1. Study the source system
2. Location of Transformation Process
3. Validate Data Extract (Selection)
a. Delta Detection
b. Continuity of Delta
c. Count Check
d. Capture bad records
4. Mapping
a. Data mapping document preparation
5. Reformat
a. Conversion
6. Data Cleansing
a. Data Quality checks
7. Splitting/Joining
8. Integrate
a. Summarization
9. Enrichment
10. Applying Business Rules

Study the source system
Source System, which is a data source for the extraction system is to be studied from business domain point of view as well as the structural and integrity of the source system. Source system is not assumed to be a relational data store, it can be flat files or another database apart from SQL Server. In this section, a list of questions (can be treated as check lit) that need to discussed with source system (OLTP) database architect.

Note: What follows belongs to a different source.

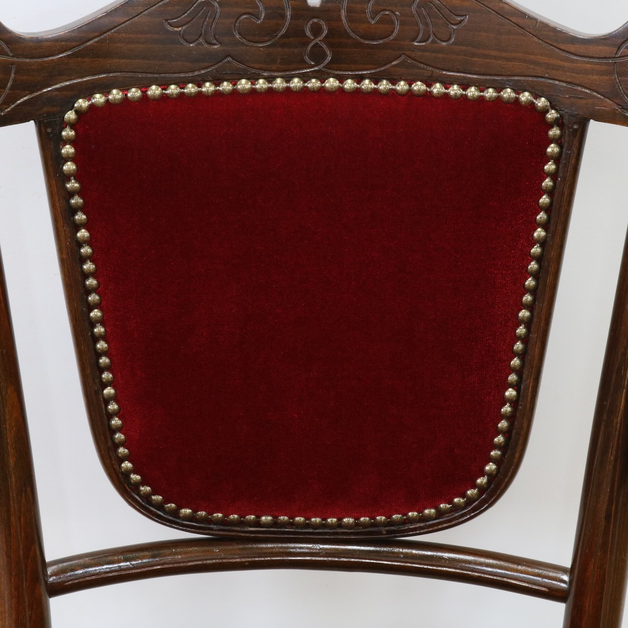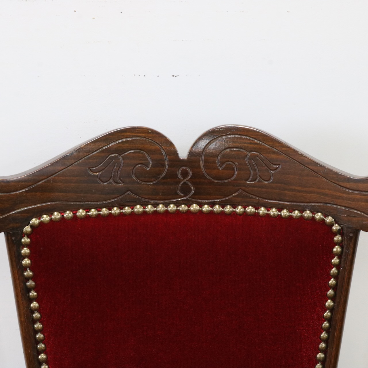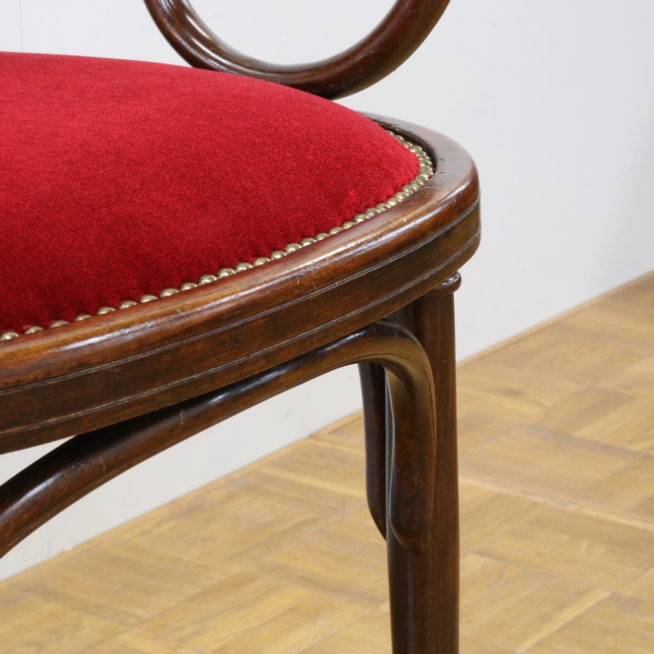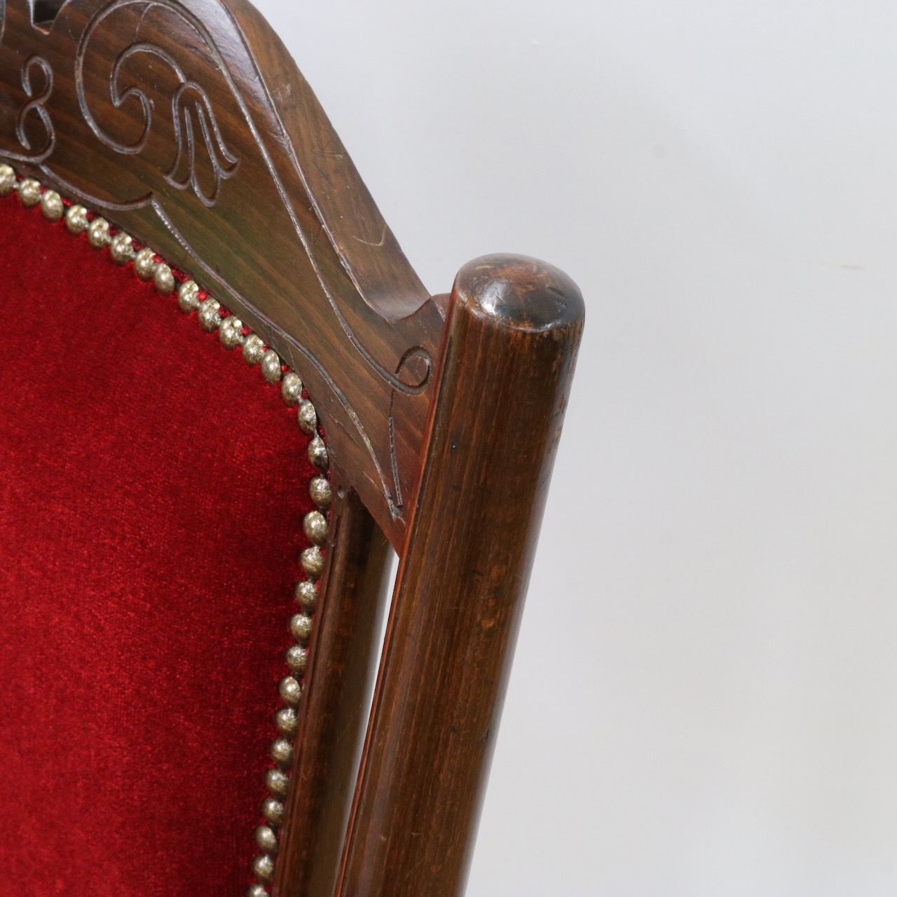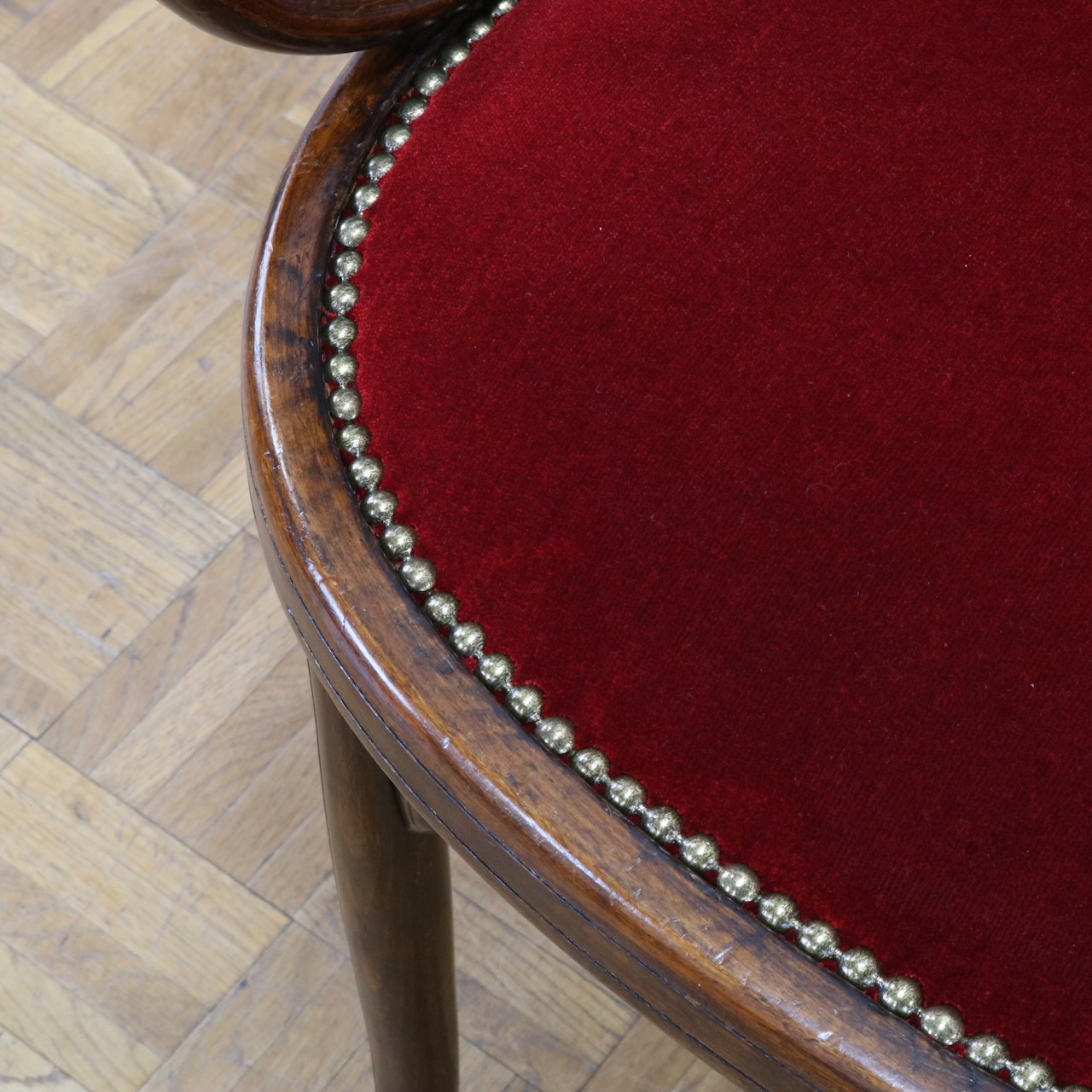 深い赤色のベロア生地を用い、鋲止めで仕上げているのも相まってクラシカルな佇まいです。
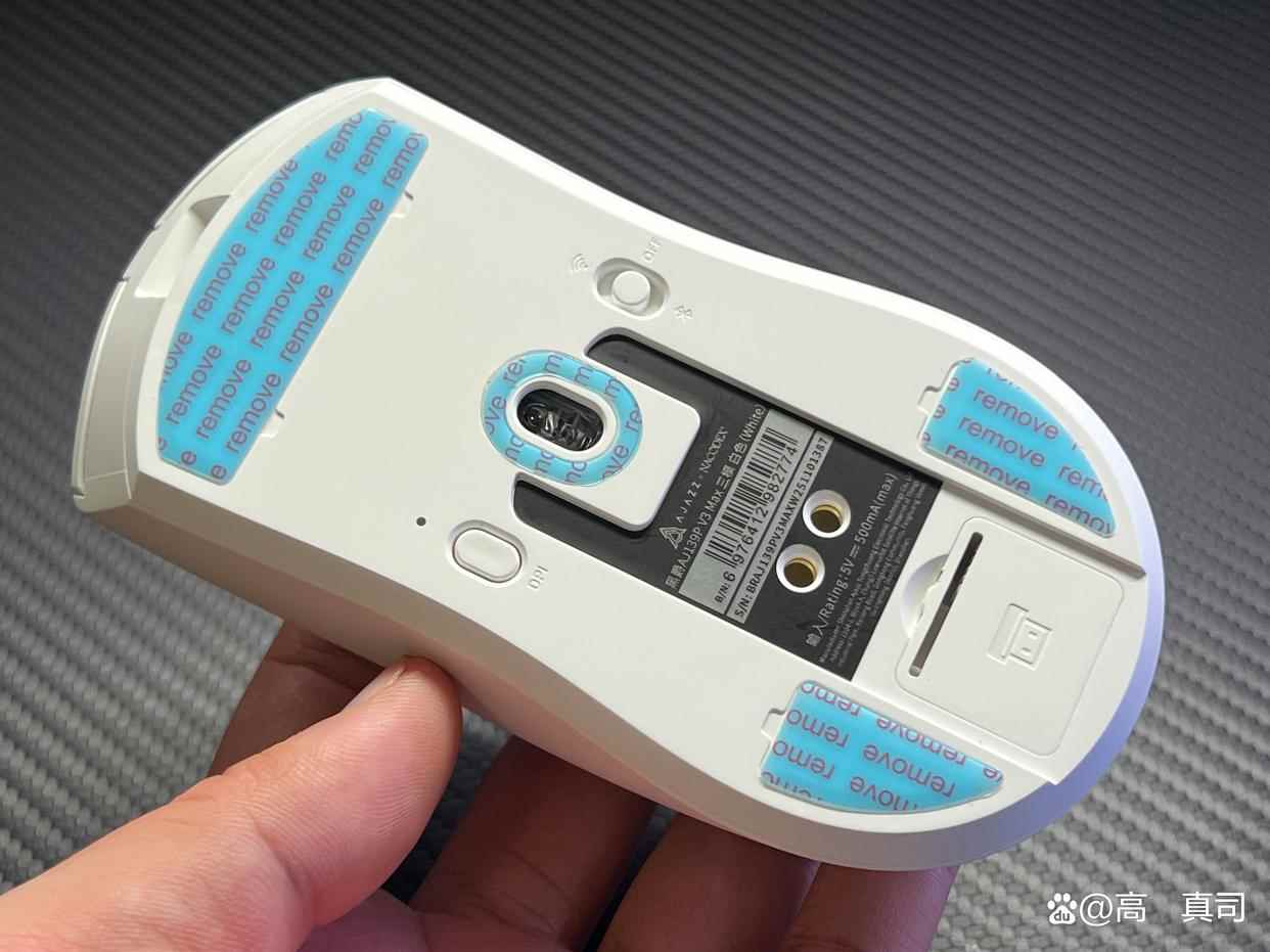 鼠标底部因为做了个磁吸充电的卡合槽,所以没能给到上下大脚贴。左边是dpi调节按键,右边是三模切换开关,下方是2.4g接收器的磁吸收纳仓。

Studying the source system is not a one time activity, it is to be performed whenever
• Extraction process is enhanced
• Source business process is changed
• Source schema is changed
• New business functionality is to be extracted
• Existing data checks/constraints on the source system are modified

The check list which should be discussed is as given below

• Check how the data is fed into data source from which extraction is performed, any external applications or data is fed using the flat files or heterogeneous systems
a. This helps the understand the complexity to deal with while interacting with the source system
b. Typically structural complexity increases when you lack details of the source system or have less control over it
c. Incase of multiple data sources involved in extraction, it would result in more than one extraction process is needed to extract data and consolidation complexity
d. Extracting information if the data is fed to the source system by application would enable to check if data input screens are free text in nature where the data pollution may occur

• Discuss the data consistency or data quality checks performed on the source system
a. Mapping your warehouse requirement against the checks done at the source to see if the data checks will completely stop the polluted data to get into source system
b. As part of learning the source system – you need understand at what level of details and how much time you are going to invest in leaning the source system. You may or may not have the luxury to learn end-to-end source system (all the layers from UI to database schemes and all the dependencies). Sometimes, it might be as simple as evaluating the schema or sometimes understand how the user enters data

• Check the integrity constraints managed in source system
a. Check the constraints enforcement on source system is using declarations or procedures. If the checks are enforced using procedures then check the possibility of data slipped through to cause data pollution
b. If the data checks are enforced properly then they do not need to be checked again as part of transformation process

• Verify if the data will be in consistent at the time of data extraction, or at point of time
a. In some systems, the processing is completed at the end of the day, extracting data in the middle of the day would make the data inconsistent would lead to data quality problems
b. Transfer of check , if the check is process at the end of the day….transaction is completed, but available at the source; at 5 ‘O, Clock….pending transaction – Completeness of the transaction

• Verify the accuracy of the calculations performed on the source system
a. Though it is evident that any problem in source system calculations would have been identified and fixed, the question is about the unused calculations whose problem is not identified yet but need to be extracted for analysis requirements
Example, source applications might not be using employee leave balance so calculation problems, if any, are not identified. Having these calculations extracted to warehouse system would induce incorrect calculations. All the calculations that are extracted from source system are to be checked for accuracy.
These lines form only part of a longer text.